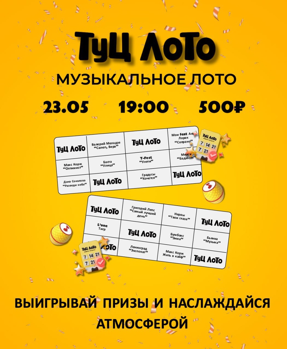 Петь, выигрывать и танцевать до упаду Хочешь? Тогда приходи на музыкальное ТуцЛото. Получи бланк со списком песен, зачеркивай номера, которые вытягивает ведущий из мешка. Подпевай, танцуй. И как только соберется определенная комбинация – забирай выигрыш. Главный приз – депозит в Harat's на 7000 рублей 🕐23 мая, 19.00 📍Harat’s Republic 🪙 500 рублей 🔑забронировать участие можно здесь #Афиша Предложить публикацию @zabkulisye_bot
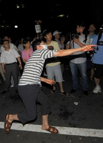 至今一直參與反對(duì)重新進(jìn)口美國(guó)產(chǎn)牛肉的工會(huì)組織等也加入到抗議活動(dòng)中來,他們向日本大使館投擲了雞蛋,加入到抗議活動(dòng)中的人數(shù)每天都在增加。
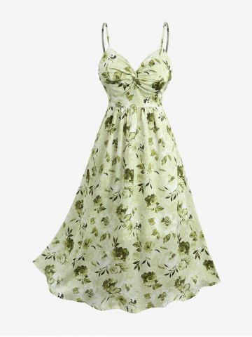 Plus Size Lace Up Ribbed Texrured Top and Flower Leaf Print Twist Cami Dress - Green - 3x | Us 22-24
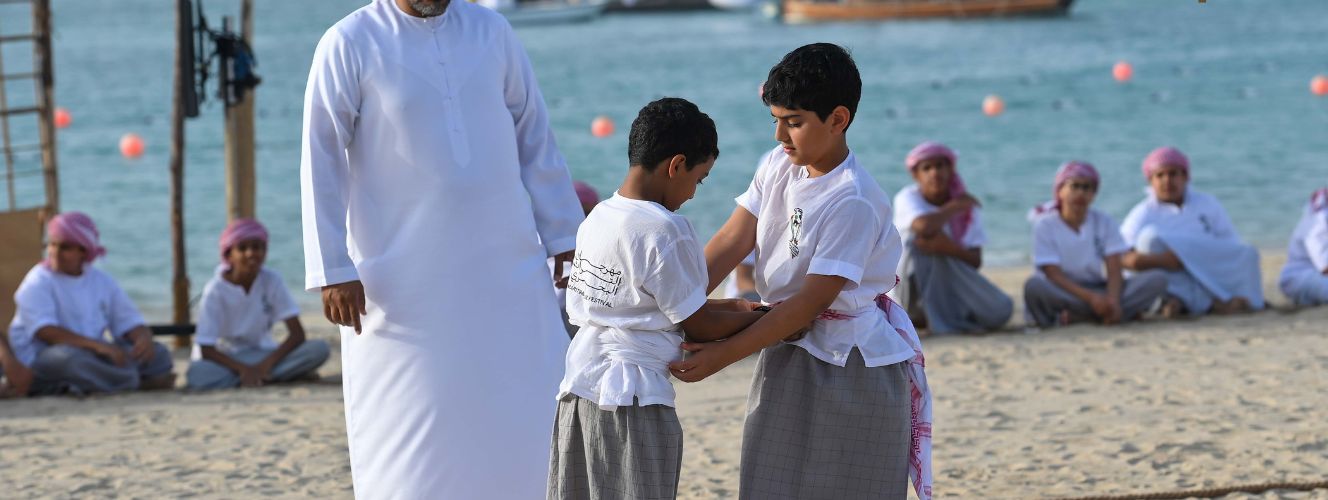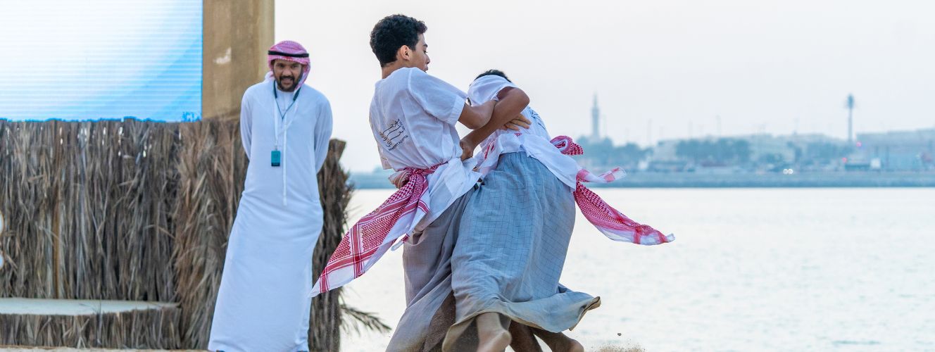 Wrestling has been a popular folk game among Arabs since ancient times. It would be played by boys in the past in open areas (baraha) without any specific rules or instructions. The game doesn’t require more than a sandy space that doesn’t cause harm to the players and that can accommodate spectators. The wrestling ring is a circle drawn on the floor by a boy chosen by the group as a referee. How wrestling is played: In an atmosphere of action and excitement, two players enter the circle and lock hands, each trying to throw the other to the ground. The players usually stand with their feet apart so as not to lose their balance.
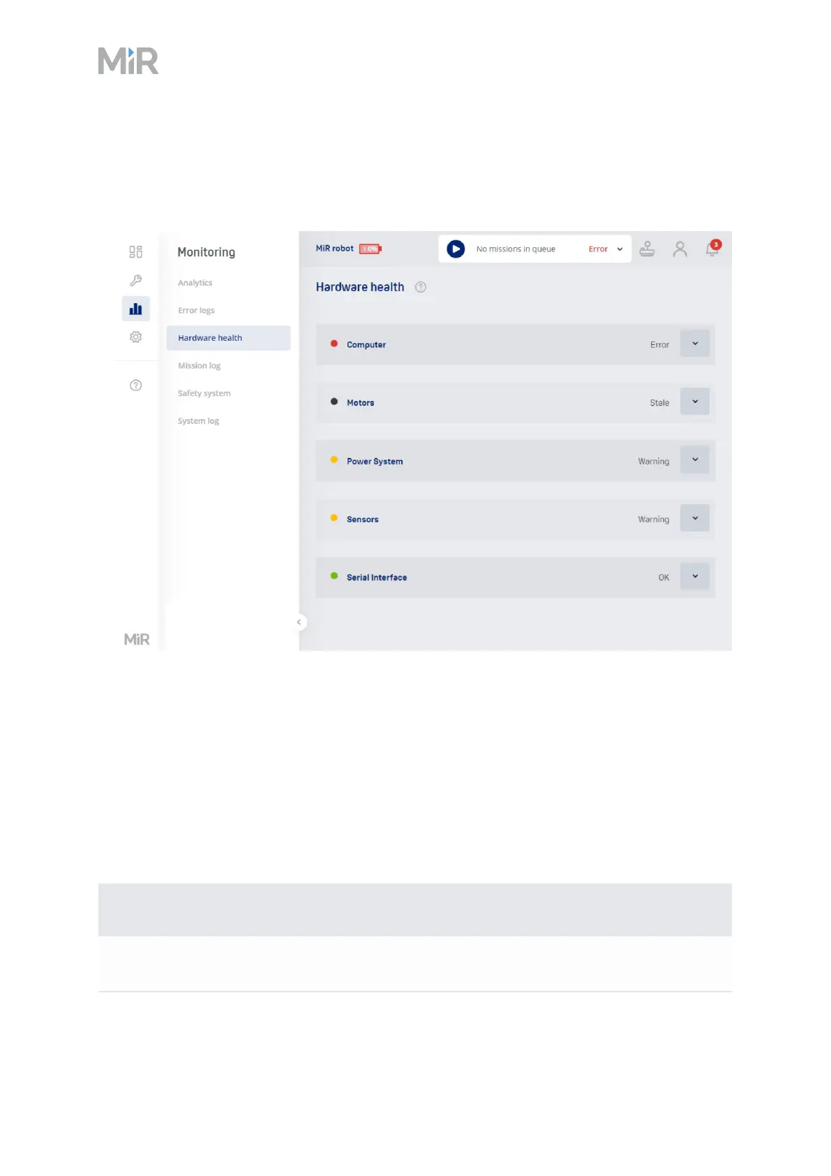 Sign in to the robot interface and go to Monitoring >Hardware health. The interface displays
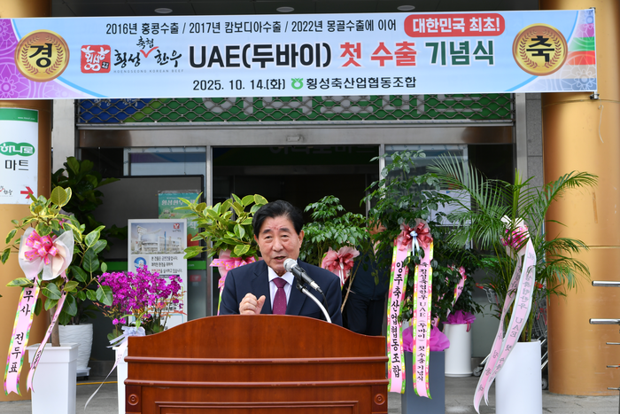 한편, 한우 수출을 개시한 횡성축협은 10월 14일 오전 11시, 횡성축협 본점 주차장에서 ‘횡성한우 UAE 수출 기념식’을 개최했다.
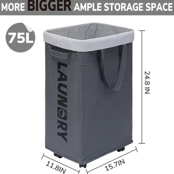 Rymligt förvaringsutrymme. Med en rymlig storlek på 15,7 x 11,8 x 24,8 tum gör vår stora tvättkorg det enkelt att förvara alla typer av kläder, inklusive T-shirts, byxor, kläder och underkläder
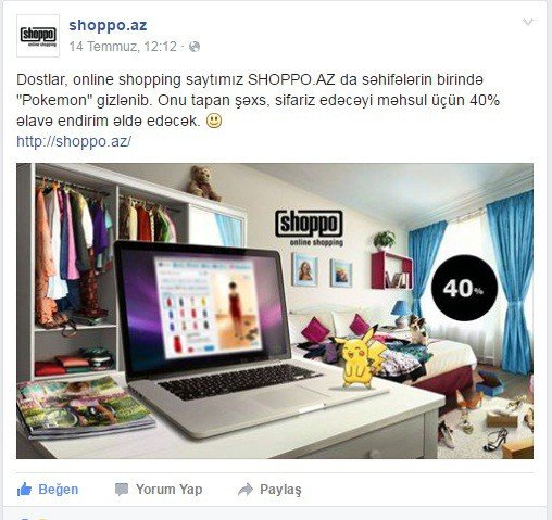 Buna aid iki kontenti nümunə göstərəcəm. İlki ‘Pokemon Go’ haqqındadır. Hansı ki, Digital bazara baxanda bundan satışa istiqamətlənmiş şəkildə mənfəət götürən nadir paylaşımlardan biridir.

- WORK INSTRUCTIONS:
The lines from the start of the data through the line that contains "至今一直參與反對(duì)重" are to be returned exactly, please, with both ends included and every picture left out.

- FINISHED EXERCISE:
 Петь, выигрывать и танцевать до упаду Хочешь? Тогда приходи на музыкальное ТуцЛото. Получи бланк со списком песен, зачеркивай номера, которые вытягивает ведущий из мешка. Подпевай, танцуй. И как только соберется определенная комбинация – забирай выигрыш. Главный приз – депозит в Harat's на 7000 рублей 🕐23 мая, 19.00 📍Harat’s Republic 🪙 500 рублей 🔑забронировать участие можно здесь #Афиша Предложить публикацию @zabkulisye_bot
 至今一直參與反對(duì)重新進(jìn)口美國(guó)產(chǎn)牛肉的工會(huì)組織等也加入到抗議活動(dòng)中來,他們向日本大使館投擲了雞蛋,加入到抗議活動(dòng)中的人數(shù)每天都在增加。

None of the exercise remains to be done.